- _Problem requirements_: Please copy exactly the part of the records below that opens with the line containing "महावीर इंटरनेशनल अपेक्स" and closes with the line containing "2026年石家庄城市经济职业", leaving out any pictures.

- _Available records_:
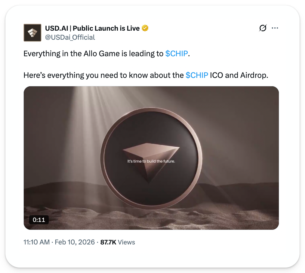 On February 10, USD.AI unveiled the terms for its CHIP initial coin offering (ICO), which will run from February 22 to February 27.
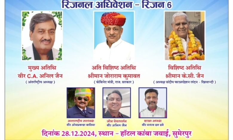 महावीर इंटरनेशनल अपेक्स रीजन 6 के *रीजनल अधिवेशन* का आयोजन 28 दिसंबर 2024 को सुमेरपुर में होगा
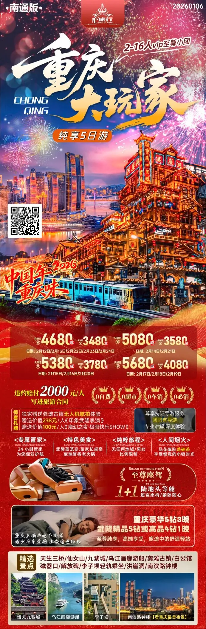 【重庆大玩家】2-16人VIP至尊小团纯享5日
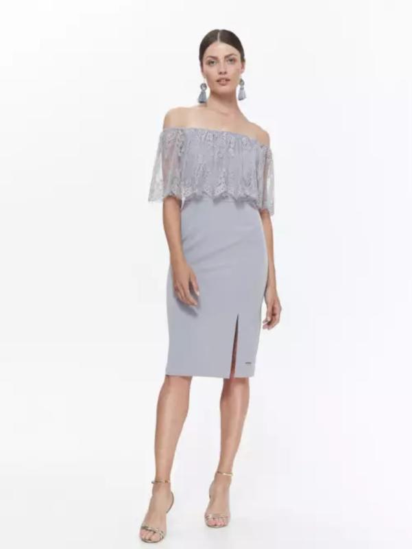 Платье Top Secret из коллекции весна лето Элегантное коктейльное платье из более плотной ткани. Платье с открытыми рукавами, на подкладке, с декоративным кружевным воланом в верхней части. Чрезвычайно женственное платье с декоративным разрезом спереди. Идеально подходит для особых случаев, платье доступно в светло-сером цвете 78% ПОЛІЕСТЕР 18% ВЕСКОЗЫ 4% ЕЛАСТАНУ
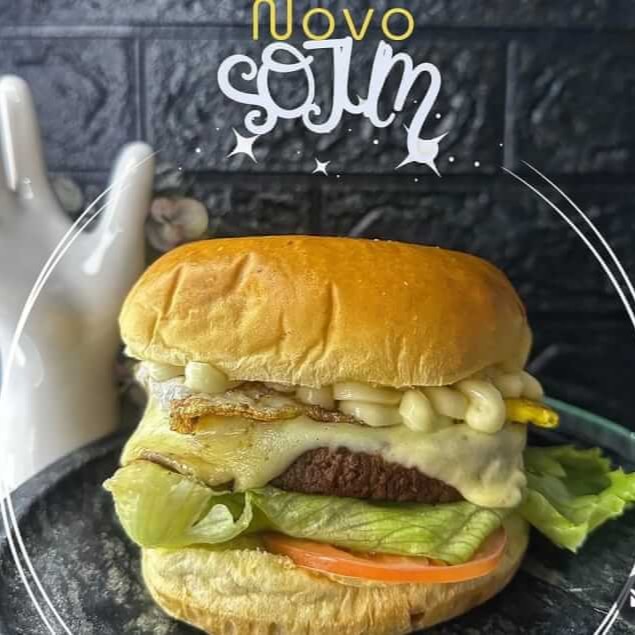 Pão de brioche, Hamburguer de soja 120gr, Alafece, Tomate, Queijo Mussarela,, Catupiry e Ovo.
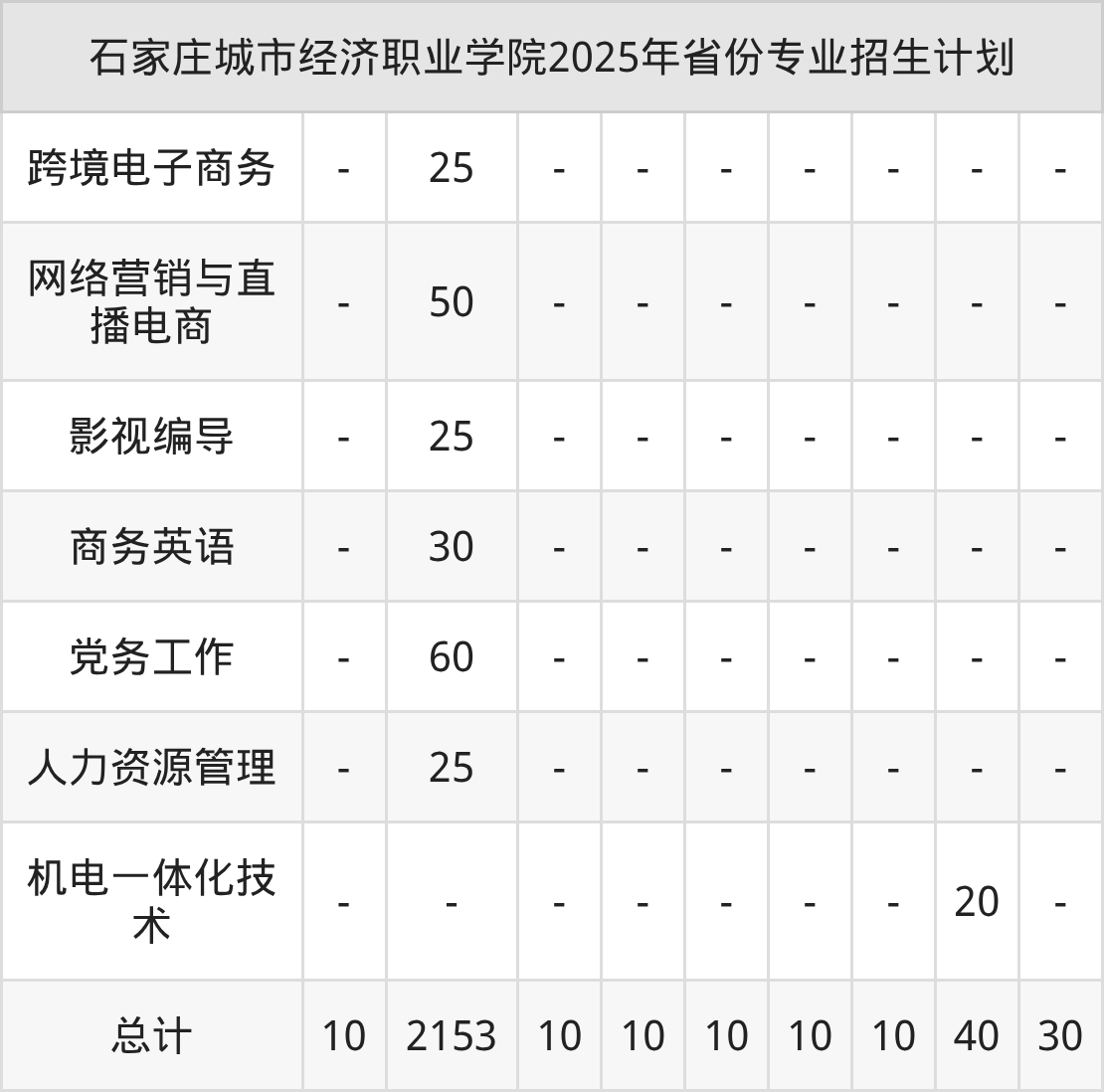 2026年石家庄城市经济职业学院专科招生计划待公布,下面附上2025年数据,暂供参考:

--

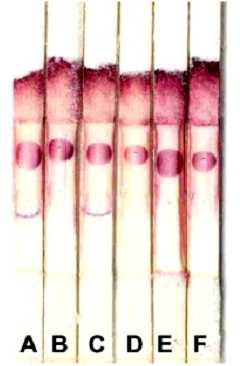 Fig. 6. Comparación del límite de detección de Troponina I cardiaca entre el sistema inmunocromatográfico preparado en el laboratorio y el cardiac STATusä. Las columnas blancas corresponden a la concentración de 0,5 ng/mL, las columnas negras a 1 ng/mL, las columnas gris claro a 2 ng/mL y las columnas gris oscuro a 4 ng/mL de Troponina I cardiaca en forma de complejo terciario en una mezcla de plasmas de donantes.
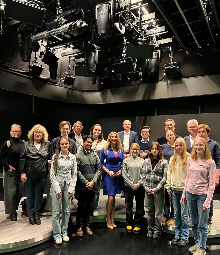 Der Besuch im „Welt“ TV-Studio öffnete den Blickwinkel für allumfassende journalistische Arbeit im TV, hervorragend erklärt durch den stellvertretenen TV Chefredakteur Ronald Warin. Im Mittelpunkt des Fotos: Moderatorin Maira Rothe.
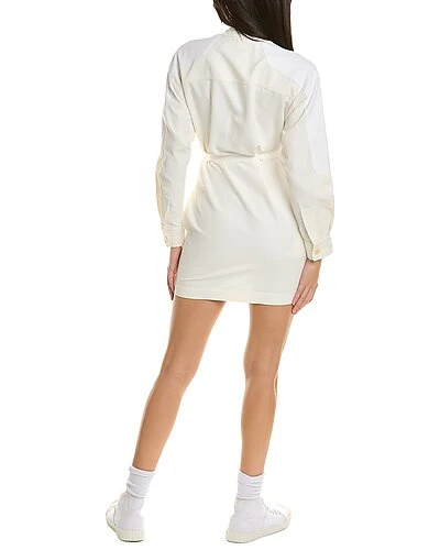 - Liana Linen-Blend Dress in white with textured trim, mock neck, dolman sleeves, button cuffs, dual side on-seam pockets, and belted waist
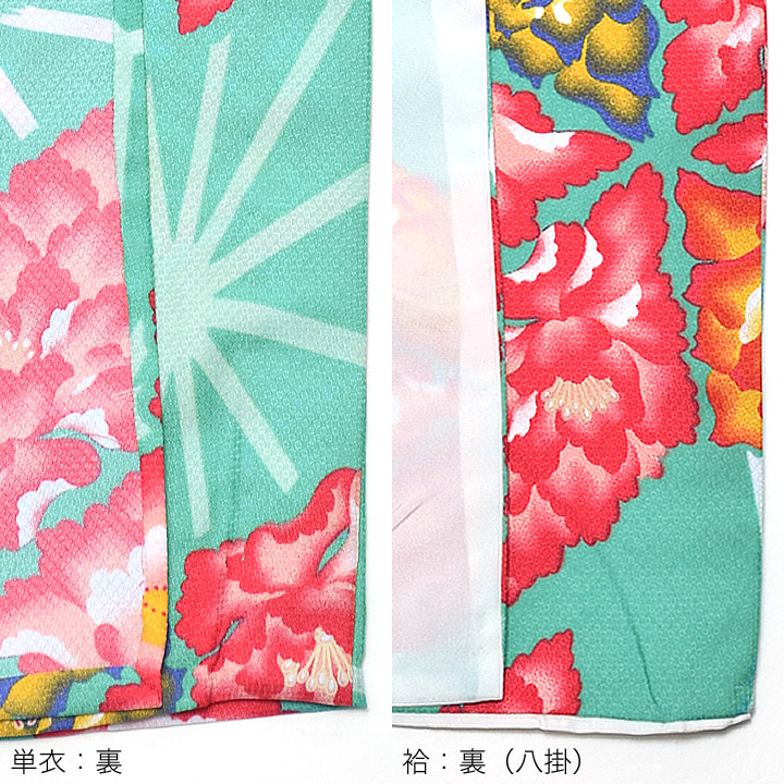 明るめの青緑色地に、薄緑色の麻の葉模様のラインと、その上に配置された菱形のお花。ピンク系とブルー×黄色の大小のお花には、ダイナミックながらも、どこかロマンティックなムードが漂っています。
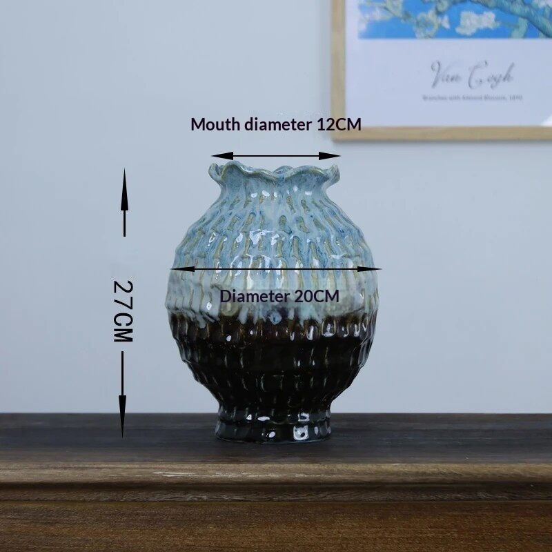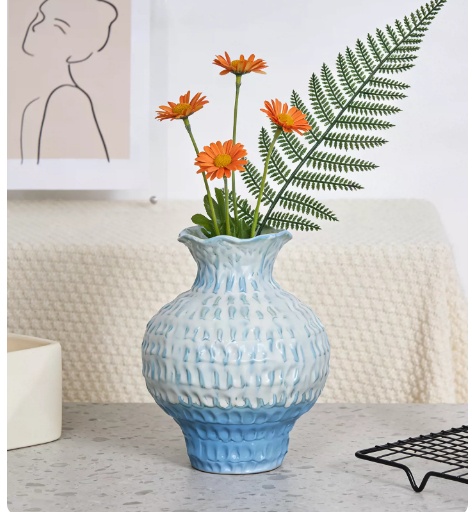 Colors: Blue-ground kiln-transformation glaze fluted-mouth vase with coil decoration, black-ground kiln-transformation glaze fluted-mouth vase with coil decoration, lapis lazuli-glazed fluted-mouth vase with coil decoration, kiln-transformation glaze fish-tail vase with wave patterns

- _Result_:
 महावीर इंटरनेशनल अपेक्स रीजन 6 के *रीजनल अधिवेशन* का आयोजन 28 दिसंबर 2024 को सुमेरपुर में होगा
 【重庆大玩家】2-16人VIP至尊小团纯享5日
 Платье Top Secret из коллекции весна лето Элегантное коктейльное платье из более плотной ткани. Платье с открытыми рукавами, на подкладке, с декоративным кружевным воланом в верхней части. Чрезвычайно женственное платье с декоративным разрезом спереди. Идеально подходит для особых случаев, платье доступно в светло-сером цвете 78% ПОЛІЕСТЕР 18% ВЕСКОЗЫ 4% ЕЛАСТАНУ
 Pão de brioche, Hamburguer de soja 120gr, Alafece, Tomate, Queijo Mussarela,, Catupiry e Ovo.
 2026年石家庄城市经济职业学院专科招生计划待公布,下面附上2025年数据,暂供参考:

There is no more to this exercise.